● **Data for this task**
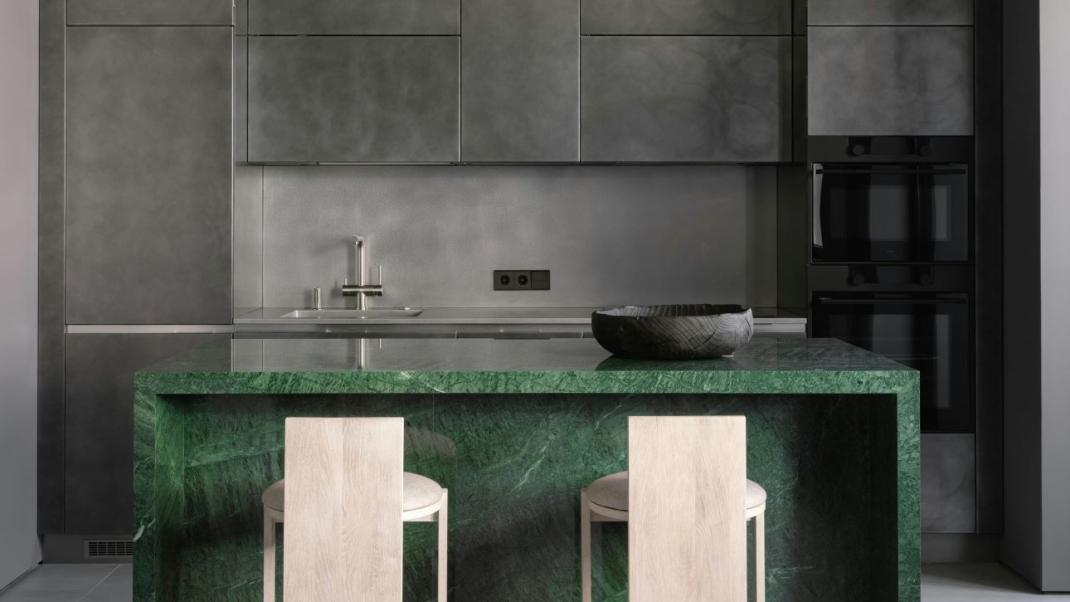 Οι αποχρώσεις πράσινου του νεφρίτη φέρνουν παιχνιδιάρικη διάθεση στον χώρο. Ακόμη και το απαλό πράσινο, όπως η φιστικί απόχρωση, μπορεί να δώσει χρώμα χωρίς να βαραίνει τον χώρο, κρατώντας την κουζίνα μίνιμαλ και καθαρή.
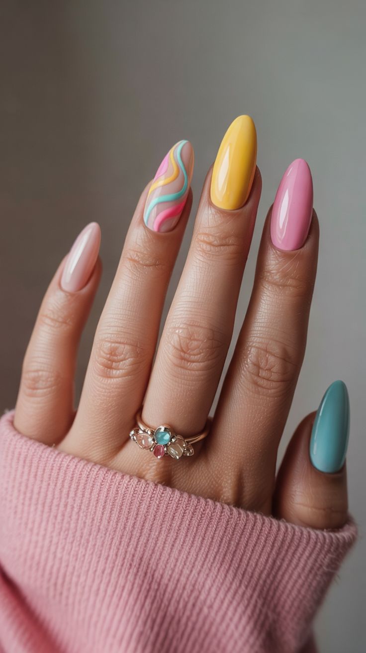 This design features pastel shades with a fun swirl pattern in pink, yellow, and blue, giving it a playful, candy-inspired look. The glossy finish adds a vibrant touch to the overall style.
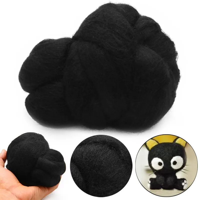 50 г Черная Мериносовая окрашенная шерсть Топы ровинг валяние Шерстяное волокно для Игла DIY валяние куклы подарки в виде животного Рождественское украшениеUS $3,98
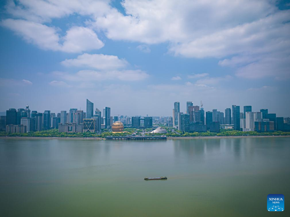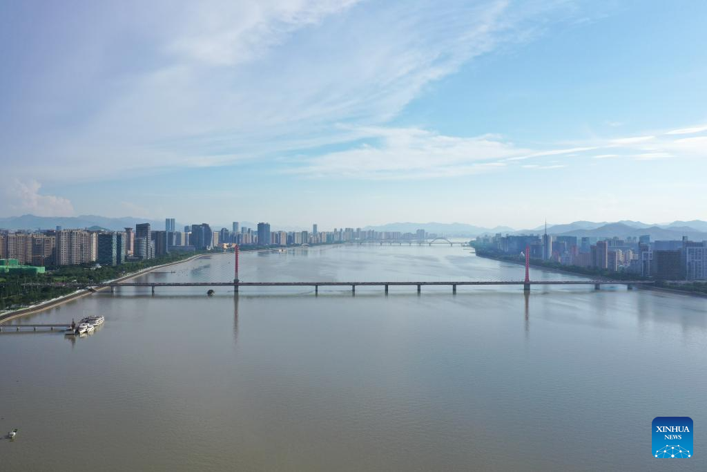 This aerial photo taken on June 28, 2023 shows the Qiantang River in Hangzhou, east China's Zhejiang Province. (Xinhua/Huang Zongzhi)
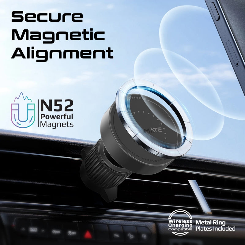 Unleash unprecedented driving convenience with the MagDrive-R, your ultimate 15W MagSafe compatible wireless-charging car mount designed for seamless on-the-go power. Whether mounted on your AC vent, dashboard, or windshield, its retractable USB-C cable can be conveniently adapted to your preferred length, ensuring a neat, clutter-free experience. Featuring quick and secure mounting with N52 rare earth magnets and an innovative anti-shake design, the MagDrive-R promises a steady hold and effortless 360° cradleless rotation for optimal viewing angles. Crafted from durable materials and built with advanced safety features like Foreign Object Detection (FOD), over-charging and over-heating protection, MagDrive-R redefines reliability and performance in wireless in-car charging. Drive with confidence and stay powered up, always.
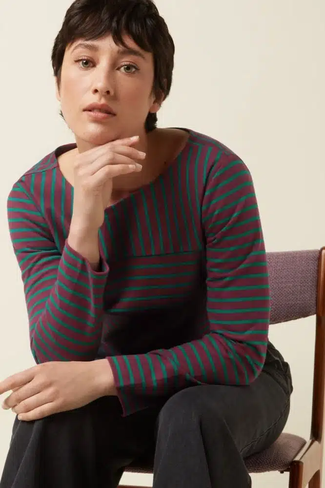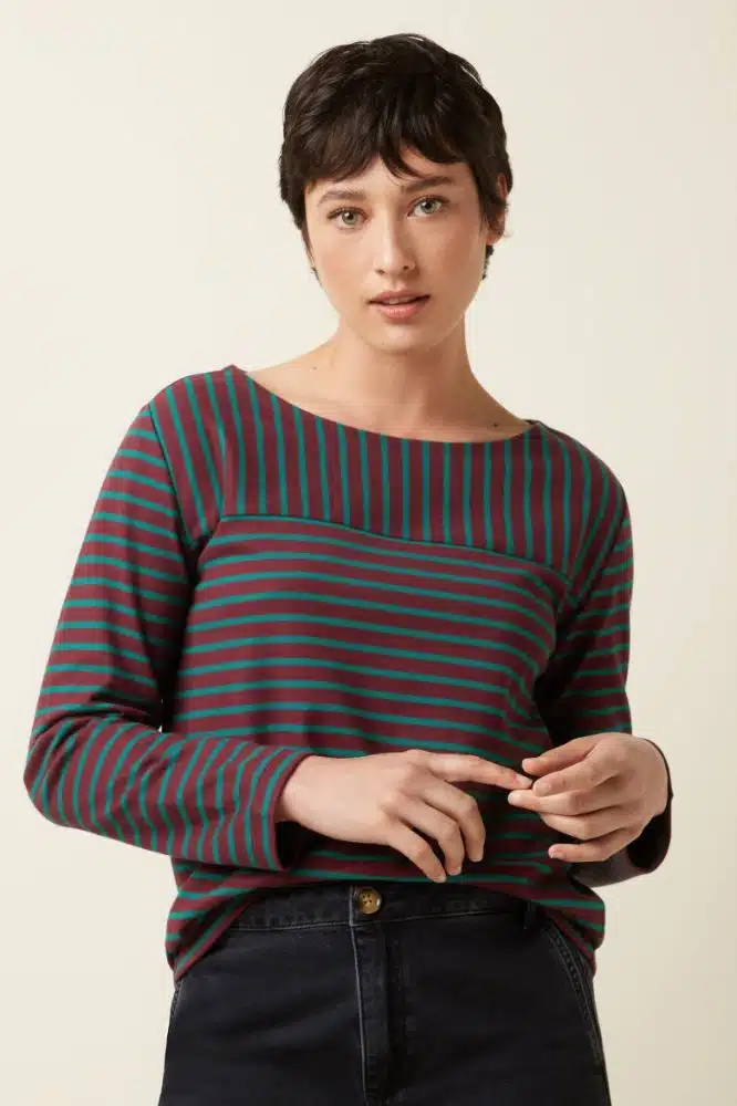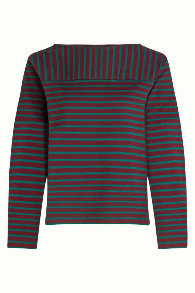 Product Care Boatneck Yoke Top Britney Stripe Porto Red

● **Task to carry out**
Output, exactly as written, only the lines from the beginning of the listing through the line containing "This aerial photo", both included, and no pictures.

● **Answer area**
 Οι αποχρώσεις πράσινου του νεφρίτη φέρνουν παιχνιδιάρικη διάθεση στον χώρο. Ακόμη και το απαλό πράσινο, όπως η φιστικί απόχρωση, μπορεί να δώσει χρώμα χωρίς να βαραίνει τον χώρο, κρατώντας την κουζίνα μίνιμαλ και καθαρή.
 This design features pastel shades with a fun swirl pattern in pink, yellow, and blue, giving it a playful, candy-inspired look. The glossy finish adds a vibrant touch to the overall style.
 50 г Черная Мериносовая окрашенная шерсть Топы ровинг валяние Шерстяное волокно для Игла DIY валяние куклы подарки в виде животного Рождественское украшениеUS $3,98
 This aerial photo taken on June 28, 2023 shows the Qiantang River in Hangzhou, east China's Zhejiang Province. (Xinhua/Huang Zongzhi)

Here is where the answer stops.